Writing is rewriting, mostly. While great writing does not consist entirely of editing, without editing it won’t be worthy of the adjective great.
Think of editing as sculpting, where you start with a piece of stone and gradually chip away to reveal the masterpiece within. With that in mind, here’s an easy 3-step guide to editing. I hope it will allow you to refine your writing with precision.
How does it work?
In just three steps. Beginning with the basic rules of punctuation, progressing to the precise selection of words, and ending with a focus on narrative quality–that’s all. Let’s understand the process with the help of an example.
Original text: Many of us see our thoughts as someone sees the night sky from a polluted city. It’s all hazy and unclear, and we can’t make sense of it. Going to therapy might help. It is like going up in the mountains where we begin to notice the twinkling starry lights. It’s quite liberating. But if you are looking to get telescopic clarity there’s nothing like meditation.

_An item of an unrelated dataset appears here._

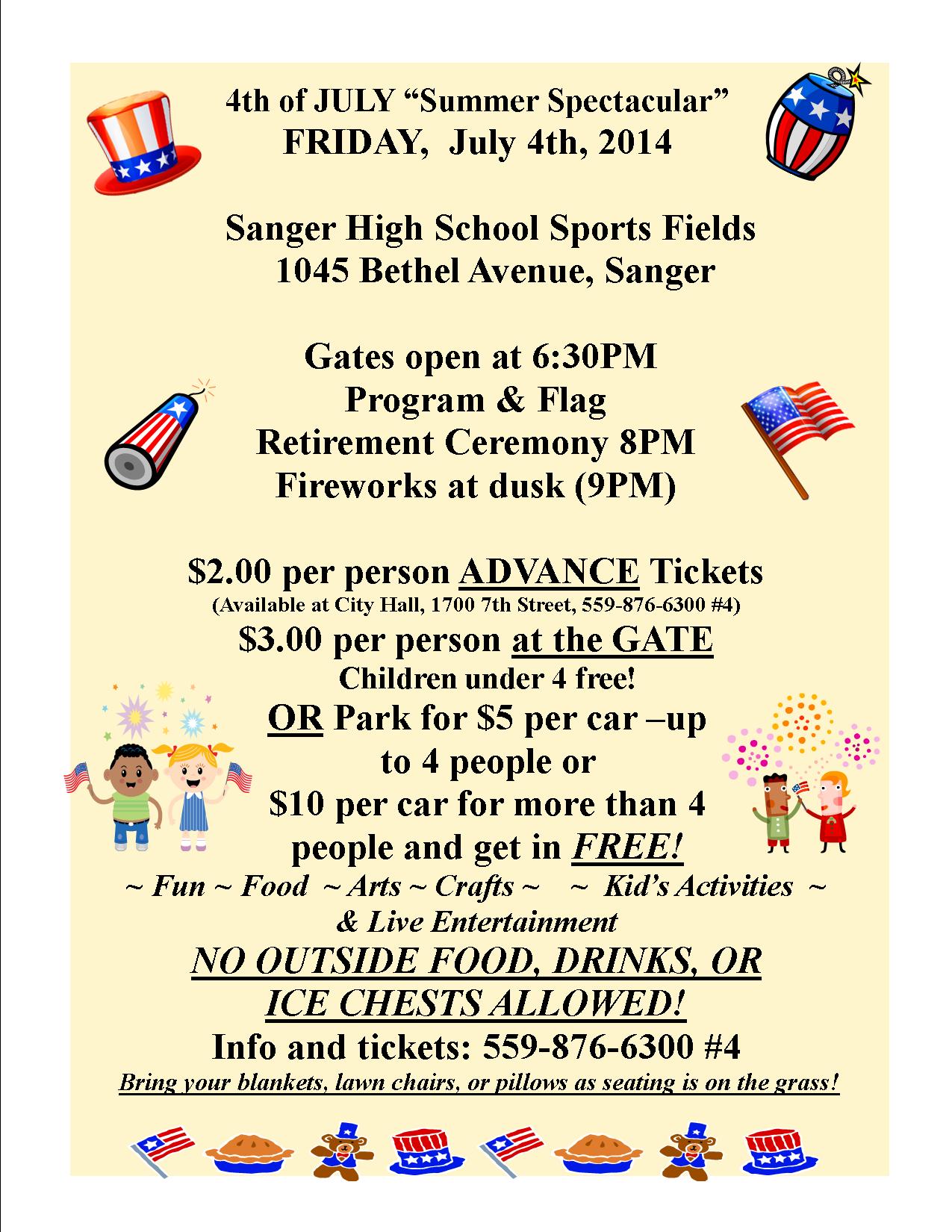 Gates Open at 6:30 p.m., Program & Flag Retirement Ceremony at 8 p.m., and Fireworks at dusk (9 p.m.). Local Band, Sugar, will be performing. For info and tickets call (559) 876-6300 #4.

Now let’s work on it with our 3-step guide to editing.
Step 1: Punctuation
Edit 1: Many of us see our thoughts as someone sees the night sky from a polluted city: it’s all hazy and unclear, and we can’t make sense of it. Going to therapy might help; it’s like going up in the mountains where we begin to notice the twinkling starry lights. It’s quite liberating, but if you are looking to get telescopic clarity, there’s nothing like meditation.
Explanation:
- Added a colon after “polluted city” to connect closely related ideas.
- Replaced a full stop with a semicolon after “might help” to indicate that the two clauses are closely related.

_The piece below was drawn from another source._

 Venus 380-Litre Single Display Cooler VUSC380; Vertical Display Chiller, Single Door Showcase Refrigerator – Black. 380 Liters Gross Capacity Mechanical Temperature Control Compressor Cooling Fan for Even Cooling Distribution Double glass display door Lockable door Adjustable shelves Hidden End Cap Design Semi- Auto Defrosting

- Added a comma before “but” and after “clarity” to improve readability.
Step 2: Word Choice
Edit 2: Many of us perceive our thoughts as one perceives the night sky from a smog-ridden city: it’s all blurry and indistinct, and we struggle to discern any clarity. Therapy can offer assistance; it’s like going up in the mountains where we begin to observe the shimmering celestial bodies. The experience is profoundly liberating, but for a telescopic clarity, there’s nothing like meditation.
Explanation:
- Changed “see” to “perceive” to add depth.
- “Polluted” changed to “smog-ridden” for specificity.
- “Hazy and unclear” replaced with “blurry and indistinct” to avoid redundancy.
- “Might help” changed to “can offer assistance” to make it sound more affirmative.
- “Twinkling starry lights” changed to “shimmering celestial bodies” for poetic imagery and variation.
- “Quite” changed to “profoundly” to add a little weight.
Step 3: Quality of Writing
Edit 3: Many of us navigate our inner landscapes much like a traveller trying to admire the night sky from a smog-ridden city: the view is blurry and indistinct, lacking clarity. Engaging in therapy can be a transformative journey; akin to ascending a serene mountain peak where the celestial wonders become visible. The experience is profoundly liberating. However, for those seeking the deepest introspective clarity, meditation stands as the ultimate telescope into one’s soul.
Explanation:
- In this step, you might have noticed the role of subjectivity. The point is, you can have different ways to articulate the same message.
- The analogy of “navigating our inner landscapes” is added to deepen the connection between thoughts and the night sky.
- “Traveller trying to admire” gives a sense of purpose and connection.
- “The view” instead of “it” returns the focus on imagery.
- “Transformative journey” and “the celestial wonders” are used to improve the language.
- The adjective “shimmering” is dropped to avoid unnecessary complexity.
- The final sentence is rephrased to emphasise the power and depth of meditation.
I hope that this simple guide to editing will help you in your future (re)writing endeavours.